Take the line that has "- Menthe mince" in it and every line after it to the end of the entries, and reproduce them exactly.

Start of Input material

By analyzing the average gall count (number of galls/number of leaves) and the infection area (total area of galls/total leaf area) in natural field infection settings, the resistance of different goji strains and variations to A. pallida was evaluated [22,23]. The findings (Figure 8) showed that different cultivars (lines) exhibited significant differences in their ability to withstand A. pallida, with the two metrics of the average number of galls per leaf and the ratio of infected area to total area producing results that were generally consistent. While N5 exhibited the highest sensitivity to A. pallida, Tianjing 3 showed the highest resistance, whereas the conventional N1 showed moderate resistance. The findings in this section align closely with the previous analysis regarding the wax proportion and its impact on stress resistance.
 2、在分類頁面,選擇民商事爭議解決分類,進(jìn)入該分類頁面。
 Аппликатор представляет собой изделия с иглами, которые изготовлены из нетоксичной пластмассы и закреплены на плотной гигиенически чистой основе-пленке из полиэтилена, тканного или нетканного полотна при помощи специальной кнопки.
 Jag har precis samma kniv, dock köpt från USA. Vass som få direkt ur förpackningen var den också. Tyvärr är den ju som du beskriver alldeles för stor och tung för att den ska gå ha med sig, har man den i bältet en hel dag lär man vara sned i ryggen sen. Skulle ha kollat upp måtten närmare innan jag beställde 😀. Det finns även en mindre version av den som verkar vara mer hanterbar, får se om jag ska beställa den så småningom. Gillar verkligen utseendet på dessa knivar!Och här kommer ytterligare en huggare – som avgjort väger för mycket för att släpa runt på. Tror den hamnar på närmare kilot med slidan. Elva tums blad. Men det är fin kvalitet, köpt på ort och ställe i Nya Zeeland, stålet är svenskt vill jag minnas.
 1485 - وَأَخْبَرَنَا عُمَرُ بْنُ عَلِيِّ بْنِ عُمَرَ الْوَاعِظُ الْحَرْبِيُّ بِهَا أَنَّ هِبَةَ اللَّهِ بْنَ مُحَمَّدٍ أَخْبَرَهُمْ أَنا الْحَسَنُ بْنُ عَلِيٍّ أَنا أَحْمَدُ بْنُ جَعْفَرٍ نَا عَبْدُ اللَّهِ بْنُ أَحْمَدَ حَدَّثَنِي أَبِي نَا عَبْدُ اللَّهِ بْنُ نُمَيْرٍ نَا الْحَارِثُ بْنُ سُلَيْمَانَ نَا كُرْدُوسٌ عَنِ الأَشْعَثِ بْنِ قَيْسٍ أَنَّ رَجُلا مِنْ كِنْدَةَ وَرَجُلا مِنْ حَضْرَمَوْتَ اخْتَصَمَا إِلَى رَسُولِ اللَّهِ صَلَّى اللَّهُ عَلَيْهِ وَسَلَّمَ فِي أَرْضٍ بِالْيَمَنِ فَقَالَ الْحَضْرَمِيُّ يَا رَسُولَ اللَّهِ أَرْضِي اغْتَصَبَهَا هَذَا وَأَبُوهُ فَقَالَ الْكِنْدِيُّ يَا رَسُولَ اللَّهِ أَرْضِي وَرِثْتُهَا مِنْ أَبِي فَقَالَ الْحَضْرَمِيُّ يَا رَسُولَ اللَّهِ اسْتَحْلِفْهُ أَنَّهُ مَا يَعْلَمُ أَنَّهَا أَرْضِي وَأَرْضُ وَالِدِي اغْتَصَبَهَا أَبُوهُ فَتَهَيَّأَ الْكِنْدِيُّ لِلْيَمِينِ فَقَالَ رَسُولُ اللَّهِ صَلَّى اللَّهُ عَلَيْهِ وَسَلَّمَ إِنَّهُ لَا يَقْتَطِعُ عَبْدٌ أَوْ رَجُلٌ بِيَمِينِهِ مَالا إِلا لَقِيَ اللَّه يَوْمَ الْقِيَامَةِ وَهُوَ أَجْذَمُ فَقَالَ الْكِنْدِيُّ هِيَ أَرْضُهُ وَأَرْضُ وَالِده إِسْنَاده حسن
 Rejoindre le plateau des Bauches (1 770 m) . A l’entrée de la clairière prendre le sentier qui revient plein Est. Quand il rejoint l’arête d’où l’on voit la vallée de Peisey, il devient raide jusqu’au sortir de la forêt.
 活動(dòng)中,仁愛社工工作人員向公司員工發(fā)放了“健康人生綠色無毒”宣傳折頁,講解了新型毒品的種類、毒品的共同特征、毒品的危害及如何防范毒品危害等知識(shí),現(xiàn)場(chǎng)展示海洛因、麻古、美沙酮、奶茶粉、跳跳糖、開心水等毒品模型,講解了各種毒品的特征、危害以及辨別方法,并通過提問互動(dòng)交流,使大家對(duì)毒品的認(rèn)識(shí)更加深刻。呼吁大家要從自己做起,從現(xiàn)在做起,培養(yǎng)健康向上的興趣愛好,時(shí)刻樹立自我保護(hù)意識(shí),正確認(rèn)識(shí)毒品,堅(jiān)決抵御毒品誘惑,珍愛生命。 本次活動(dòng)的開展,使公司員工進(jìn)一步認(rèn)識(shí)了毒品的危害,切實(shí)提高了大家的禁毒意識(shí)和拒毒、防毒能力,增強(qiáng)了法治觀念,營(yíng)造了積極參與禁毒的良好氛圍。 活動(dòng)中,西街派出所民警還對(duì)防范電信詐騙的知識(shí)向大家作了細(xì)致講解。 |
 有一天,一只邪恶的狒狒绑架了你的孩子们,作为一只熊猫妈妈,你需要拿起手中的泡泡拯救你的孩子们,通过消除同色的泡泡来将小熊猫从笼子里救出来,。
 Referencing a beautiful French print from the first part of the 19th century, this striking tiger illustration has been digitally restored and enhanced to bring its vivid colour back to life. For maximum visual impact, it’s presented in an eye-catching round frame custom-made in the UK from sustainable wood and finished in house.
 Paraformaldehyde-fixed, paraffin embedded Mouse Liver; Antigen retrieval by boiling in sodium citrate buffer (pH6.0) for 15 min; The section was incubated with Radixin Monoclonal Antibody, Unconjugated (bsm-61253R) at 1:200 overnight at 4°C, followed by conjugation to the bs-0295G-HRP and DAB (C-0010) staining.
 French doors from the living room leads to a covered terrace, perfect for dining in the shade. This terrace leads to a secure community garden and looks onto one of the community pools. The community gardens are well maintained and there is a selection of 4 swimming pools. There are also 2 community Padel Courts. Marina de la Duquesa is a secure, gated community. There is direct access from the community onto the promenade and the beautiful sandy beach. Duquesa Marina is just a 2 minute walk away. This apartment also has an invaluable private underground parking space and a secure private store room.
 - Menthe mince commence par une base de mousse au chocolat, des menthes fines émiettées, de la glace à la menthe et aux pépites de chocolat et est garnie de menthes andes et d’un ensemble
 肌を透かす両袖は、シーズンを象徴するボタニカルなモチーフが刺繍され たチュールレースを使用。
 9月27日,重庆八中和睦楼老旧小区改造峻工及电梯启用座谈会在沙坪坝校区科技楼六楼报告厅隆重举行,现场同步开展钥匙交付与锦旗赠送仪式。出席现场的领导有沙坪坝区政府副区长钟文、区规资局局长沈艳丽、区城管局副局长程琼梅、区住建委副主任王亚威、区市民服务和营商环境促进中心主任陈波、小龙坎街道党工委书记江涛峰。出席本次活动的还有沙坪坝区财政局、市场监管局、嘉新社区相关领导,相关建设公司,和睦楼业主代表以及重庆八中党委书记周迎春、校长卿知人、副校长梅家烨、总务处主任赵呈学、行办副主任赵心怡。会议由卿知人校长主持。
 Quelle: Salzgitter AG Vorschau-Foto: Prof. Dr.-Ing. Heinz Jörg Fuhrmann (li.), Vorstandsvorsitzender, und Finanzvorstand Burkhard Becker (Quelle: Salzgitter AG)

End of Input material

**Answer box**
 - Menthe mince commence par une base de mousse au chocolat, des menthes fines émiettées, de la glace à la menthe et aux pépites de chocolat et est garnie de menthes andes et d’un ensemble
 肌を透かす両袖は、シーズンを象徴するボタニカルなモチーフが刺繍され たチュールレースを使用。
 9月27日,重庆八中和睦楼老旧小区改造峻工及电梯启用座谈会在沙坪坝校区科技楼六楼报告厅隆重举行,现场同步开展钥匙交付与锦旗赠送仪式。出席现场的领导有沙坪坝区政府副区长钟文、区规资局局长沈艳丽、区城管局副局长程琼梅、区住建委副主任王亚威、区市民服务和营商环境促进中心主任陈波、小龙坎街道党工委书记江涛峰。出席本次活动的还有沙坪坝区财政局、市场监管局、嘉新社区相关领导,相关建设公司,和睦楼业主代表以及重庆八中党委书记周迎春、校长卿知人、副校长梅家烨、总务处主任赵呈学、行办副主任赵心怡。会议由卿知人校长主持。
 Quelle: Salzgitter AG Vorschau-Foto: Prof. Dr.-Ing. Heinz Jörg Fuhrmann (li.), Vorstandsvorsitzender, und Finanzvorstand Burkhard Becker (Quelle: Salzgitter AG)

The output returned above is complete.